A flexible, learning, central government has a better chance of
innovating a power share with the United Sates, as she grows. Only a flexible, learning China will be able
to chart the ‘peaceful rise’ of Party rhetoric.
The alternative, alas; is a rather clear possibility, and the
consequences will be dire.
Eichmann and every person in Germany had incipient seeds of
noble, decent behavior within them.
Collectively, Nazi Germany was strikingly effective at scalding these
seeds, wholesale. I certainly don’t
believe that this characterized something essentially German. Deadening human decency is human
possibility.
What if the world around us once again begins to normalize
madness? I worry about the future
between a China and the U.S. where the currents of distrust and suspicion rise,
for one reason or another, to become the predominant meme. Can you imagine if loathing jingoism rises to
a pitch that makes McCarthyism seem tame?
I think I can. Distrust and hate to
define the default between the two countries and the only publicly acceptable
position is one of absolute scorn.
It won’t play out like it did during the Cold War and it
certainly won’t play out like it did in Europe under Nazi occupation. But intense, mutual hatred between the U.S.

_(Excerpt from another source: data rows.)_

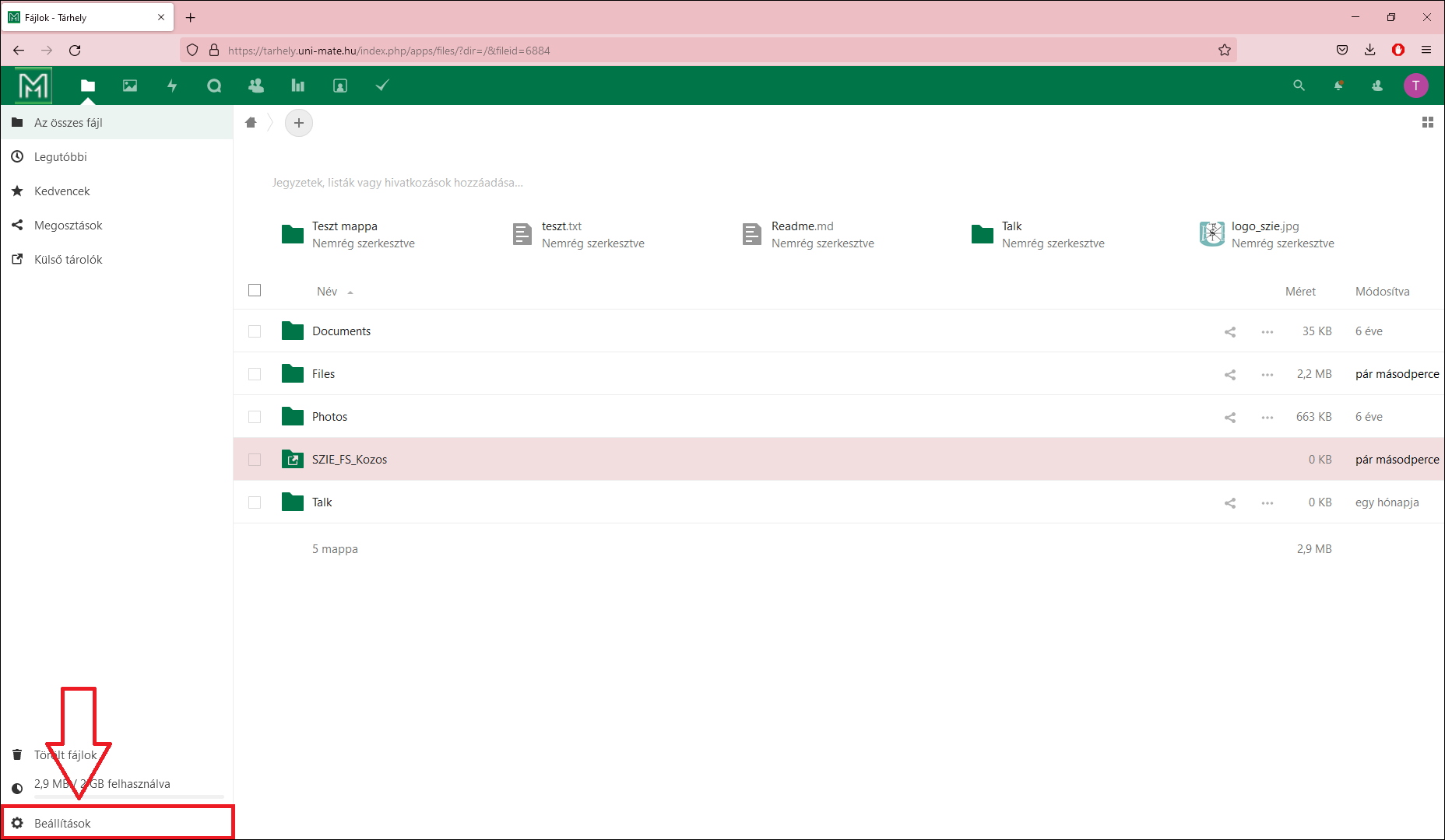 1. A tárhely oldalra bejelentkezve a bal alsó sarokban kattintsunk a Beállítások gombra.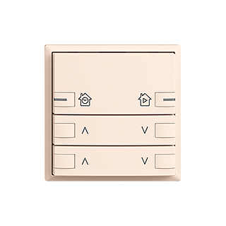Motore 2 canali • Set di copertura zeptrionAIR • I tasti smart in alto permettono di utilizzare interruttore orario tramite zeptrionAIR rete wireless • Tasti inferiori per motore 2 canale • Il set di copertura zeptrionAIR viene montato sul modulo wireless intermedio zeptrion 2K (3340-2-B.ZEP) e sull'inserto funzionale zeptrion Motore 2 canale 3305 o l'inserto funzionale stazione centrale/seconda • Con RGB LED • Tasto triplo • Comando 2x • Interruttore orario zeptrionAIR su 2 tasti smart
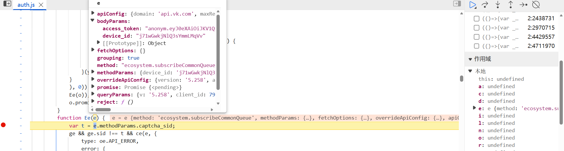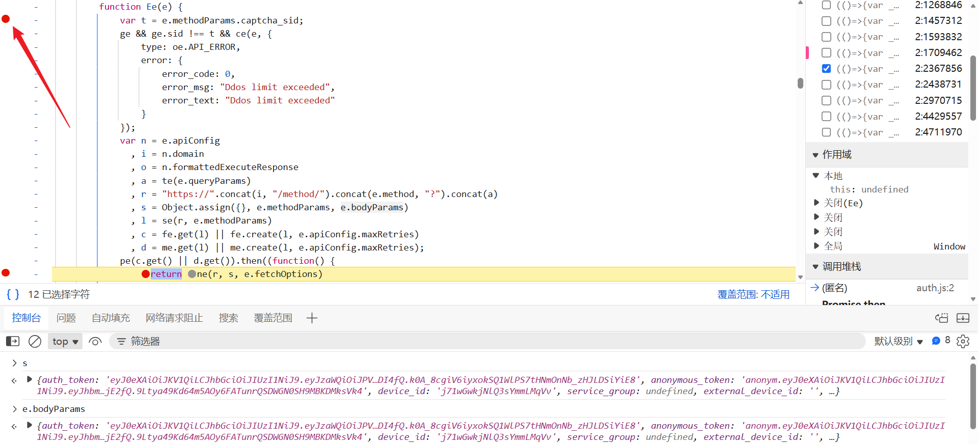 从 auth.validateAccount 接口跟栈到 auth.js 文件中,直接搜索 device_id 会发现有 100 个匹配项,一个个下断调试显然不现实。跟栈到下图处,此时的 s 中 device_id 已经生成了,s 对应 e.bodyParams,e 是传进来的参数,因此,在最前面下断: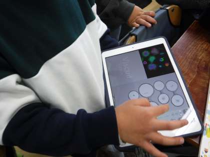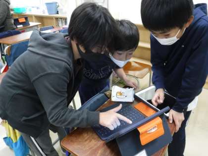 今日は、2年生が5年生にiPadを使ってできることをいろいろと教えてもらいました。プログラミングで物語を作ったり、ゲームを作ったり、きれいな模様を作ったりしました。自信をもって優しく教える5年生。できることが増えて喜ぶ2年生です。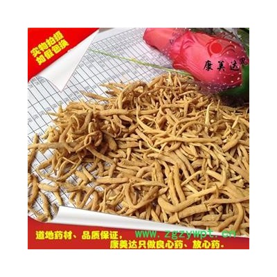 [性 状]:本品呈细长纺锤形或细长条形,稍弯曲,长3~10cm,直径0.2~0.6cm。表面黄白色,较光滑,微有纵皱纹,凹陷处有须根痕。顶端有茎痕。质硬而脆,断面平坦,淡黄白色,角质样;或类白色,有粉性。气微,味微甘。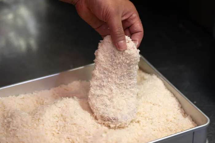 揚げ物の食感の肝になるのは「バッター液」と呼ばれる衣液、そして「パン粉」です。今回のとんかつには生卵を使わず、かつ冷凍対応の秘密のバッター液に衣がサクッとなる技が隠れています。またさまざまなパン粉のブレンドで試作し、最終的に程よい歯切れとおいしい音を奏でる国産の生パン粉の配合にたどりつきました。考えたのは、まず味、そして次にコンビニエンス性=いかにご家庭での手間を省けるか。

and China, could easily wax, insane. And
if it does, what a hard world that will be for any of us who cannot deny, at
least to ourselves, the basic humanity of the other people. For everything, and everyone, will insist
that we join them in hate, or be cast as one with the “enemy.”
Is there something unquenchably human in my heart that has
been cultivated with sufficient care in me and in my children that it would
assert itself, in the face of such insanity?
And if you are so bold as to assert the basic humanity of, for example,
Chinese people, in the face of a broad, banal, collective voice of evil to the
contrary, when the jingoism if full flush, what then becomes of you? No doubt you’ll be silenced or interned or
deported. At that time, if you have the courage to speak, you’ll know something
of what German gentiles, with seeds of human decency were like, when they either
silenced themselves and accepted the banality and complicity of collective evil
or faced the terrifying consequences of behaving as decent human beings.